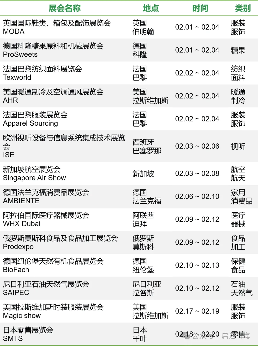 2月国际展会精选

--

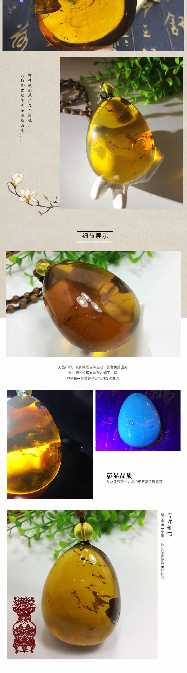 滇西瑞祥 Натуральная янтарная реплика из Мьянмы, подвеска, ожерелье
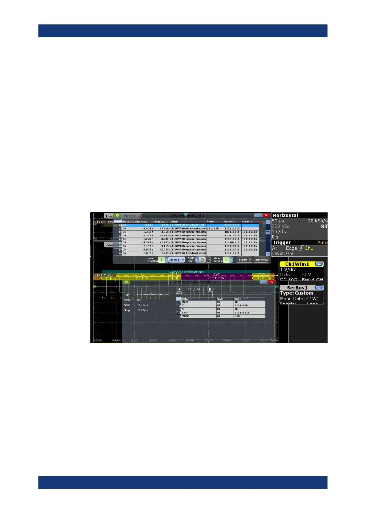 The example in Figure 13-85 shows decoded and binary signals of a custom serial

Your objective: In the material above, the stretch from the line with "滇西瑞祥 Натуральная янтарная" through the line with "The example in" is to be given again exactly, minus the pictures.

Answer to the problem:
 滇西瑞祥 Натуральная янтарная реплика из Мьянмы, подвеска, ожерелье
 The example in Figure 13-85 shows decoded and binary signals of a custom serial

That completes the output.